**Task prompt**
What is needed is a faithful copy of all the entries, with no pictures in it.

=== Begin Enclosure ===

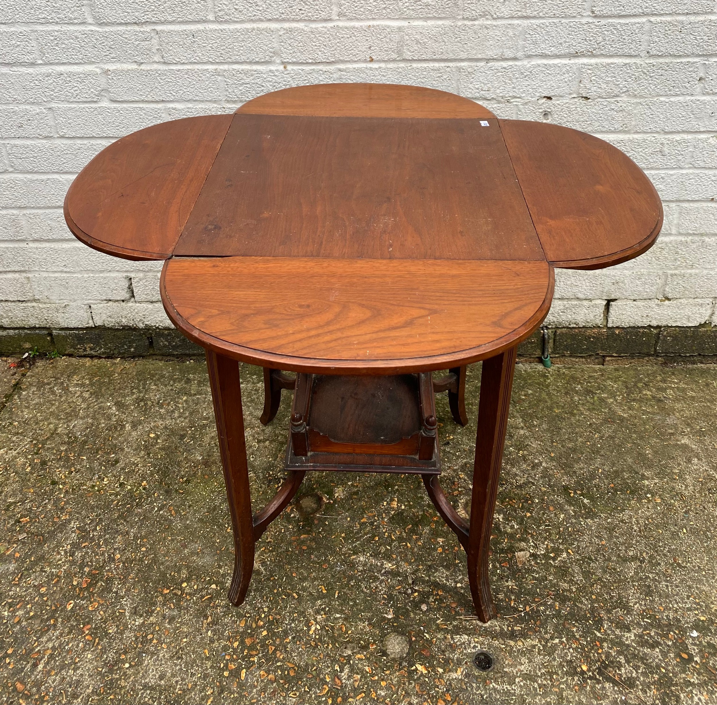 An occasional table with four drop sides and undertier -
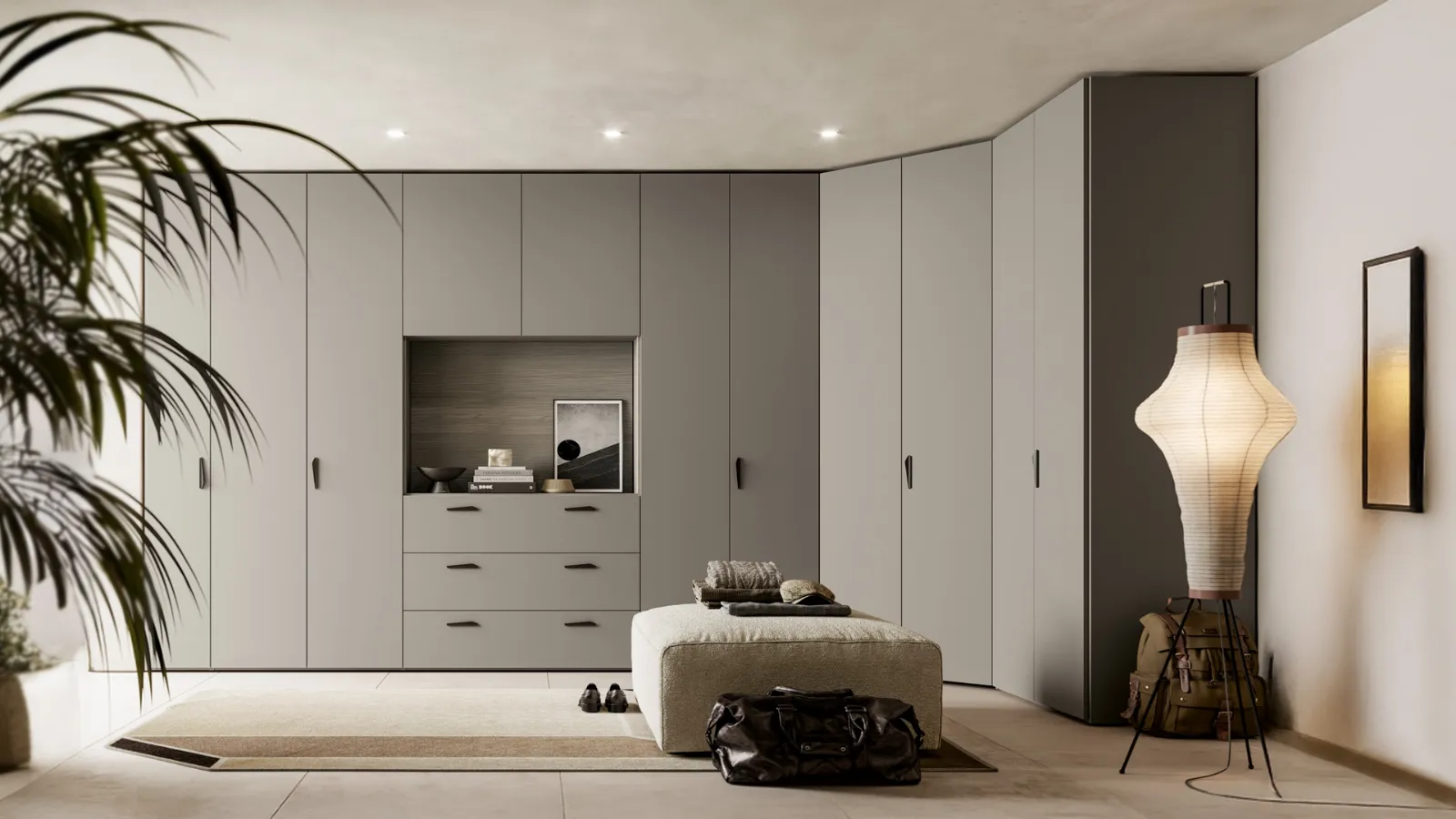 Gli Armadi ad angolo con ante battenti sono elementi irrinunciabili nella camera da letto, per renderla arredata con gusto, funzionale e completa di tutto. Contattaci e ottieni informazioni sulla nostra linea di Arredamento Casa: avrai la possibilità di completare la zona notte avendo a disposizione una ricca gamma di contenitori moderni, come l'armadio in melaminico nell'immagine. Per arredare alla perfezione una stanza bella e funzionale, scegli le più belle soluzioni dei migliori produttori, letti, armadi e comodini di alto contenuto estetico.
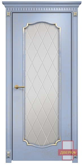 Фабрика Оникс / Венеция 2 стекло сатинат белый гравировка ромбы / цвет голубая эмаль патина / материал шпон
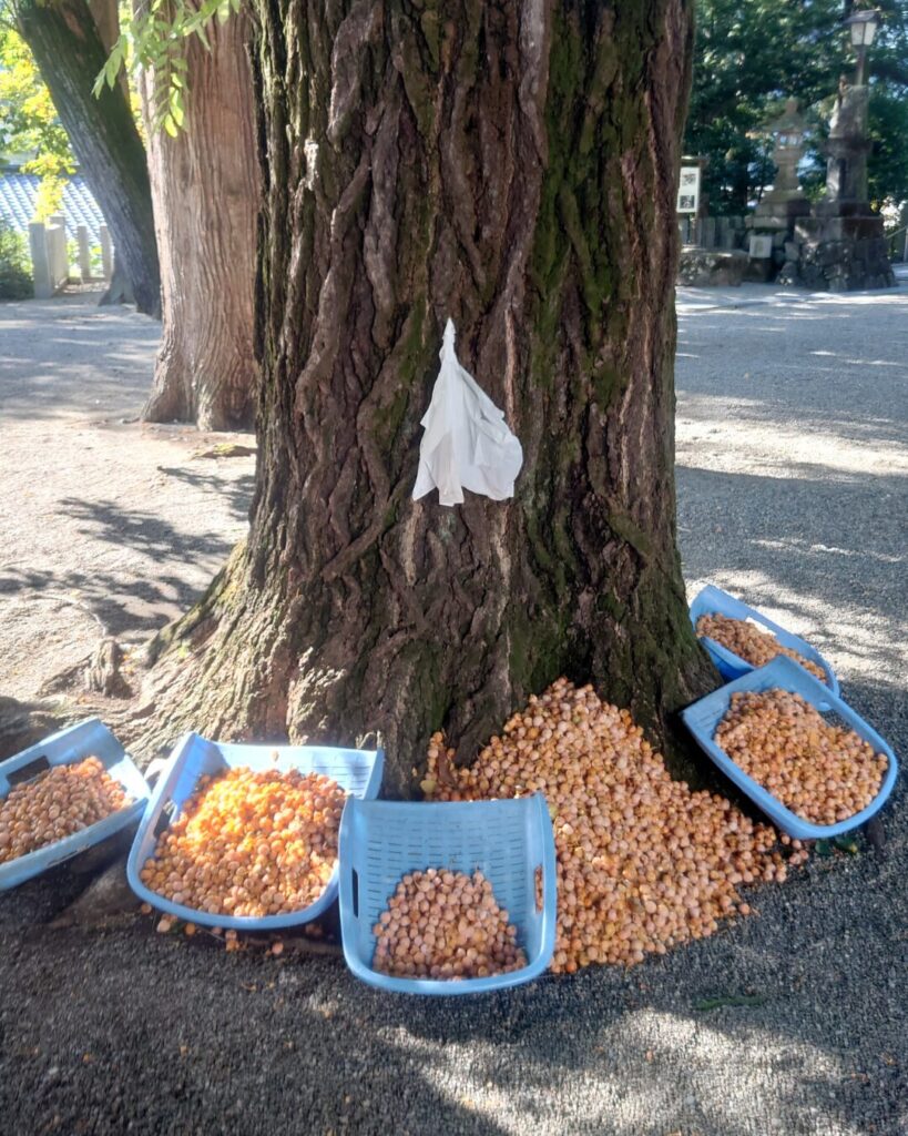 境内にあるイチョウの木の根元に銀杏の実が集められていました。ビニール袋が掛けられていたので持って行ってもいいのかもしれません。
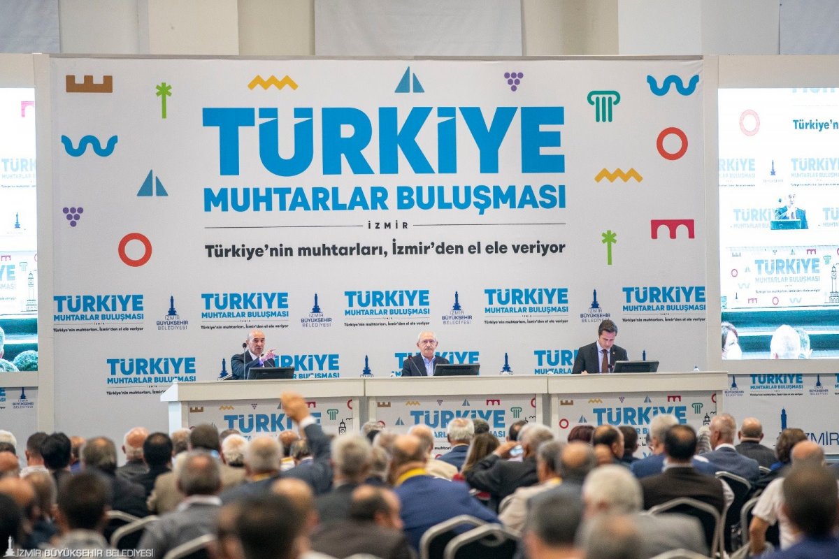 İzmir Büyükşehir Belediyesi’nin düzenlediği “Türkiye Muhtarlar Buluşması”nda muhtarların yerel siyaset yapma sürecinde karşılaştığı sorunlar belirlendi ve çözüm önerileri geliştirildi. Türkiye’nin her ilinden muhtarın bir araya geldiği buluşmanın değerlendirme toplantısı Cumhuriyet Halk Partisi (CHP) Genel Başkanı Kemal Kılıçdaroğlu’nun katılımıyla Fuar İzmir’de yapıldı. Buluşmaya İzmir Büyükşehir Belediye Başkanı Tunç Soyer, Ardahan Belediye Başkanı Faruk Demir, CHP Genel Başkan Yardımcısı Oğuz Kaan Salıcı, CHP Genel Sekreteri Selin Sayek Böke, CHP PM Üyesi Rıfat Nalbantoğlu ve Devrim Barış Çelik, CHP İzmir Milletvekilleri Ednan Arslan, Mahir Polat, Atilla Sertel, Bedri Serter, Murat Bakan, Özcan Purçu, Kani Beko, Tuncay Özkan, Tacettin Bayır, İzmir Büyükşehir Belediye Başkan Vekili Mustafa Özuslu, CHP İzmir İl Başkanı Deniz Yücel ilçe belediye başkanları, İzmir Büyükşehir Belediyesi bürokratları, meclis üyeleri, parti üyeleri ve yaklaşık 2 bin muhtar katıldı.
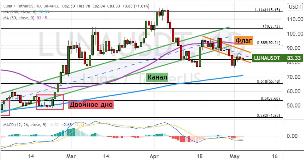 Лидером на рынке DeFi остается криптовалюта LUNA. Котировки альткоина консолидируются в районе уровня $82, где также проходит нижняя граница модели «Флаг» (обозначена на графике ниже линиями оранжевого цвета).
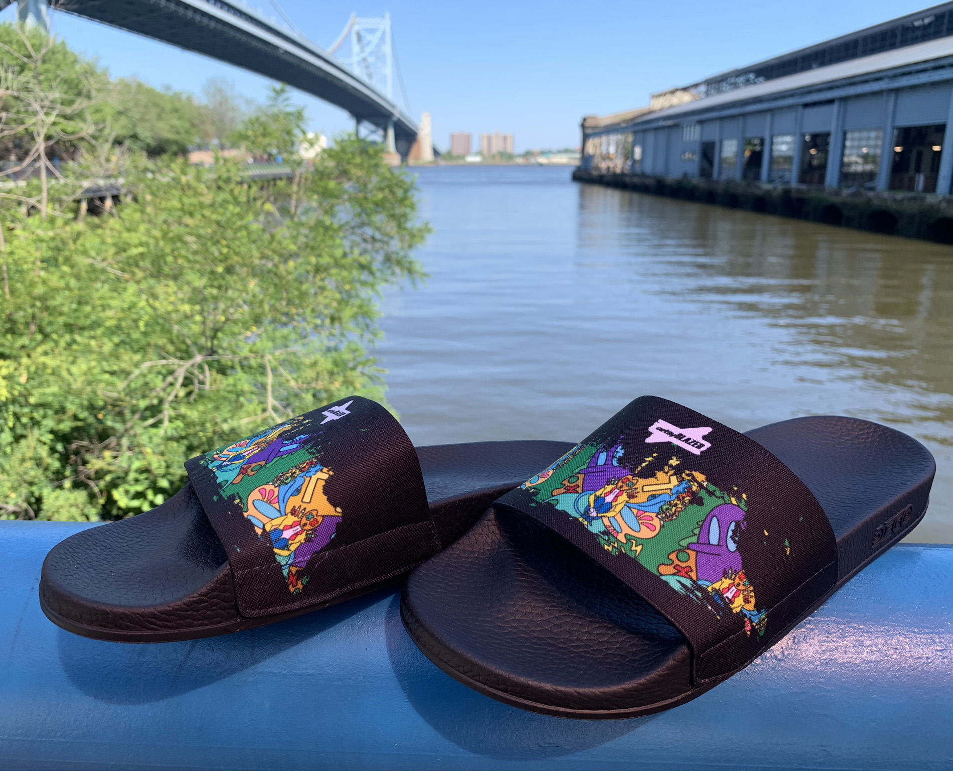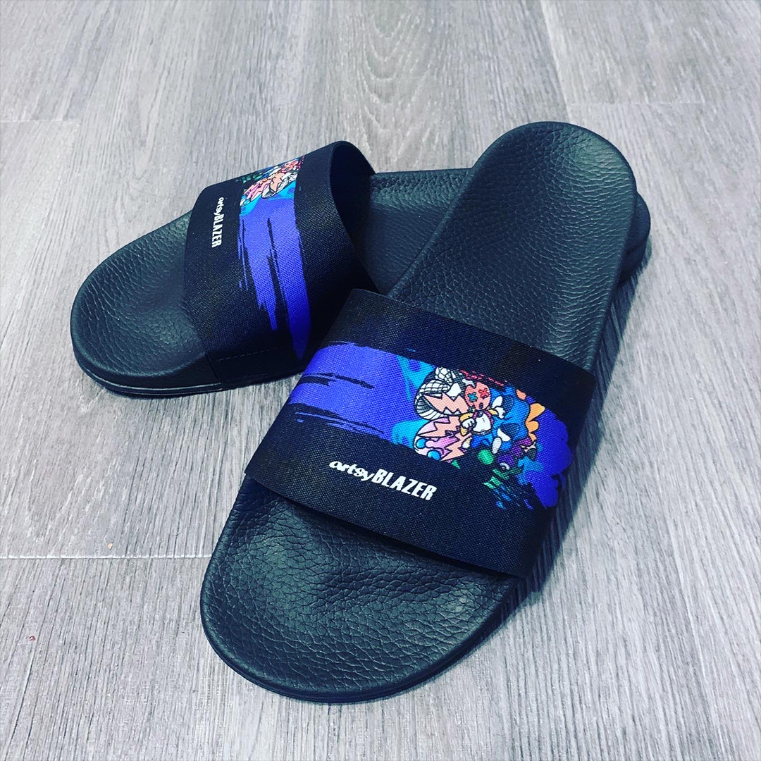 ArtsyBlazer in collaboration with Deco Slides are the only custom slides sandals with a full area transfer, meaning designs can occupy the full height and width of the sandal strap. Because we transfer artwork via dye sublimation.

=== End Enclosure ===

**Exercise result**
 An occasional table with four drop sides and undertier -
 Gli Armadi ad angolo con ante battenti sono elementi irrinunciabili nella camera da letto, per renderla arredata con gusto, funzionale e completa di tutto. Contattaci e ottieni informazioni sulla nostra linea di Arredamento Casa: avrai la possibilità di completare la zona notte avendo a disposizione una ricca gamma di contenitori moderni, come l'armadio in melaminico nell'immagine. Per arredare alla perfezione una stanza bella e funzionale, scegli le più belle soluzioni dei migliori produttori, letti, armadi e comodini di alto contenuto estetico.
 Фабрика Оникс / Венеция 2 стекло сатинат белый гравировка ромбы / цвет голубая эмаль патина / материал шпон
 境内にあるイチョウの木の根元に銀杏の実が集められていました。ビニール袋が掛けられていたので持って行ってもいいのかもしれません。
 İzmir Büyükşehir Belediyesi’nin düzenlediği “Türkiye Muhtarlar Buluşması”nda muhtarların yerel siyaset yapma sürecinde karşılaştığı sorunlar belirlendi ve çözüm önerileri geliştirildi. Türkiye’nin her ilinden muhtarın bir araya geldiği buluşmanın değerlendirme toplantısı Cumhuriyet Halk Partisi (CHP) Genel Başkanı Kemal Kılıçdaroğlu’nun katılımıyla Fuar İzmir’de yapıldı. Buluşmaya İzmir Büyükşehir Belediye Başkanı Tunç Soyer, Ardahan Belediye Başkanı Faruk Demir, CHP Genel Başkan Yardımcısı Oğuz Kaan Salıcı, CHP Genel Sekreteri Selin Sayek Böke, CHP PM Üyesi Rıfat Nalbantoğlu ve Devrim Barış Çelik, CHP İzmir Milletvekilleri Ednan Arslan, Mahir Polat, Atilla Sertel, Bedri Serter, Murat Bakan, Özcan Purçu, Kani Beko, Tuncay Özkan, Tacettin Bayır, İzmir Büyükşehir Belediye Başkan Vekili Mustafa Özuslu, CHP İzmir İl Başkanı Deniz Yücel ilçe belediye başkanları, İzmir Büyükşehir Belediyesi bürokratları, meclis üyeleri, parti üyeleri ve yaklaşık 2 bin muhtar katıldı.
 Лидером на рынке DeFi остается криптовалюта LUNA. Котировки альткоина консолидируются в районе уровня $82, где также проходит нижняя граница модели «Флаг» (обозначена на графике ниже линиями оранжевого цвета).
 ArtsyBlazer in collaboration with Deco Slides are the only custom slides sandals with a full area transfer, meaning designs can occupy the full height and width of the sandal strap. Because we transfer artwork via dye sublimation.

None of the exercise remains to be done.